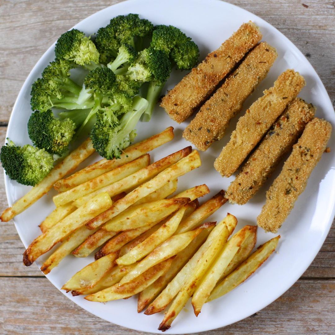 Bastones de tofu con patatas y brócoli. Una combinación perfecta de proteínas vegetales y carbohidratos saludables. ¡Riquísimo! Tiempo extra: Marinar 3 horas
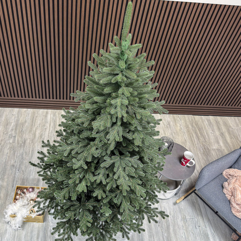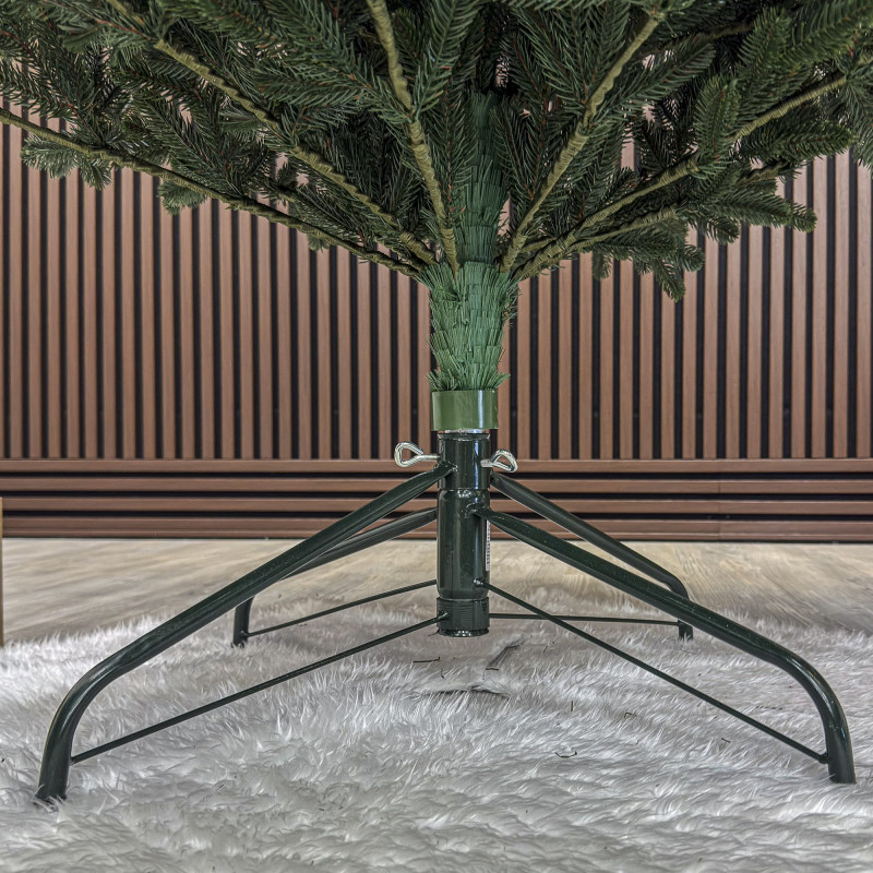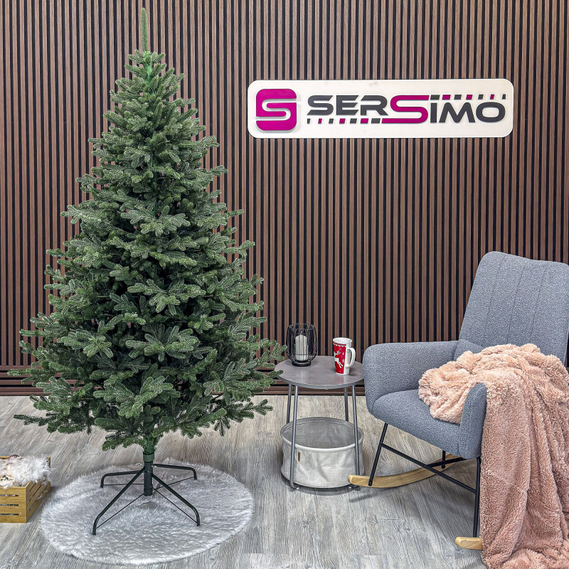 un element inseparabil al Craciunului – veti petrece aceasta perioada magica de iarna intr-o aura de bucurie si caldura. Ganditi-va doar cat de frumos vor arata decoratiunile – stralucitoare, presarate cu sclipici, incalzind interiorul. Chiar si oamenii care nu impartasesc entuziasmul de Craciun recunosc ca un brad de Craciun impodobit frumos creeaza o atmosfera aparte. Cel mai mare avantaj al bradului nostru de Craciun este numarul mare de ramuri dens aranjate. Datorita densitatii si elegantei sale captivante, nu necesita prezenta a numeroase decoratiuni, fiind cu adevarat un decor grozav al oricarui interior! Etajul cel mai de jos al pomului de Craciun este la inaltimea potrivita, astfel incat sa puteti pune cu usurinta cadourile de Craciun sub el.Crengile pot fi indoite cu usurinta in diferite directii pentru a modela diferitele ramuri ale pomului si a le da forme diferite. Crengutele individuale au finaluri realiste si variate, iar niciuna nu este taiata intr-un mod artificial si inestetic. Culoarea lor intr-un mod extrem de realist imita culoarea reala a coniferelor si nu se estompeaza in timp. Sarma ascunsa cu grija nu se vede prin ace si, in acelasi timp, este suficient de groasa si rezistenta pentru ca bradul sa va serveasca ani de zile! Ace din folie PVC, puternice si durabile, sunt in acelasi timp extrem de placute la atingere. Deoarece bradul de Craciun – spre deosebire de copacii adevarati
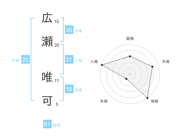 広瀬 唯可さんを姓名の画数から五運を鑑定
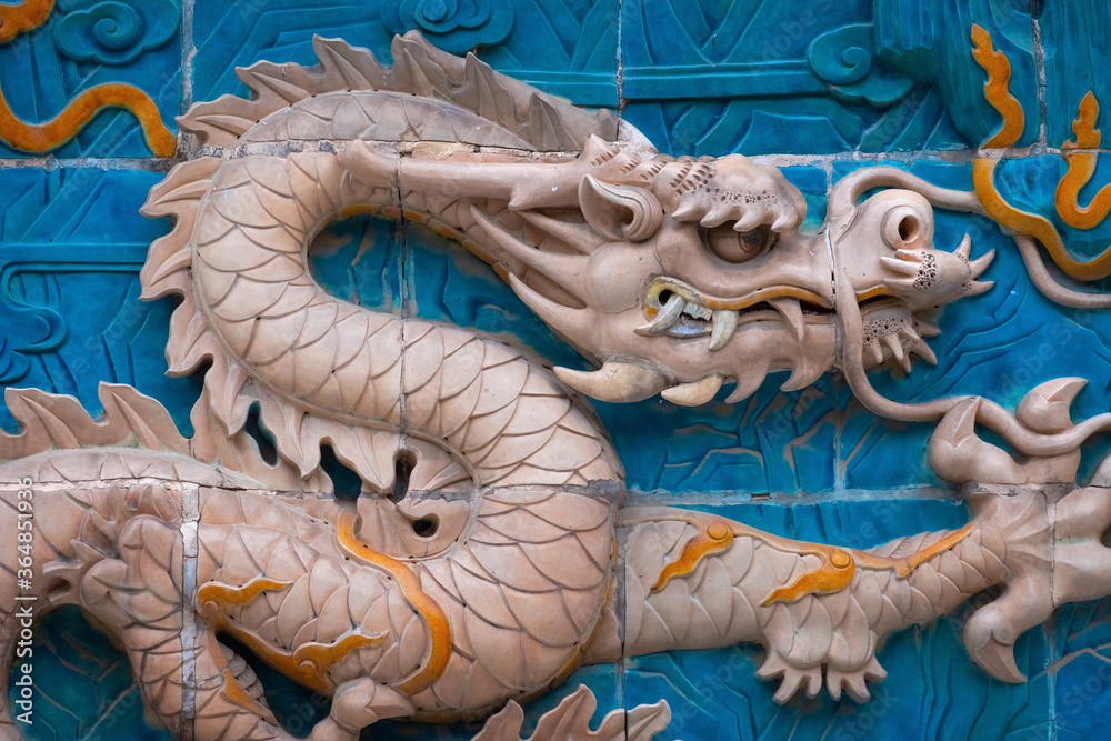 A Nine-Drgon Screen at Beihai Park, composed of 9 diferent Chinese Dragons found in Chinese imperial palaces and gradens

----

■ **WORK INSTRUCTION**:
Word for word, reproduce all of the data, but keep out the pictures.

■ **WRITTEN ANSWER**:
 Bastones de tofu con patatas y brócoli. Una combinación perfecta de proteínas vegetales y carbohidratos saludables. ¡Riquísimo! Tiempo extra: Marinar 3 horas
 un element inseparabil al Craciunului – veti petrece aceasta perioada magica de iarna intr-o aura de bucurie si caldura. Ganditi-va doar cat de frumos vor arata decoratiunile – stralucitoare, presarate cu sclipici, incalzind interiorul. Chiar si oamenii care nu impartasesc entuziasmul de Craciun recunosc ca un brad de Craciun impodobit frumos creeaza o atmosfera aparte. Cel mai mare avantaj al bradului nostru de Craciun este numarul mare de ramuri dens aranjate. Datorita densitatii si elegantei sale captivante, nu necesita prezenta a numeroase decoratiuni, fiind cu adevarat un decor grozav al oricarui interior! Etajul cel mai de jos al pomului de Craciun este la inaltimea potrivita, astfel incat sa puteti pune cu usurinta cadourile de Craciun sub el.Crengile pot fi indoite cu usurinta in diferite directii pentru a modela diferitele ramuri ale pomului si a le da forme diferite. Crengutele individuale au finaluri realiste si variate, iar niciuna nu este taiata intr-un mod artificial si inestetic. Culoarea lor intr-un mod extrem de realist imita culoarea reala a coniferelor si nu se estompeaza in timp. Sarma ascunsa cu grija nu se vede prin ace si, in acelasi timp, este suficient de groasa si rezistenta pentru ca bradul sa va serveasca ani de zile! Ace din folie PVC, puternice si durabile, sunt in acelasi timp extrem de placute la atingere. Deoarece bradul de Craciun – spre deosebire de copacii adevarati
 広瀬 唯可さんを姓名の画数から五運を鑑定
 A Nine-Drgon Screen at Beihai Park, composed of 9 diferent Chinese Dragons found in Chinese imperial palaces and gradens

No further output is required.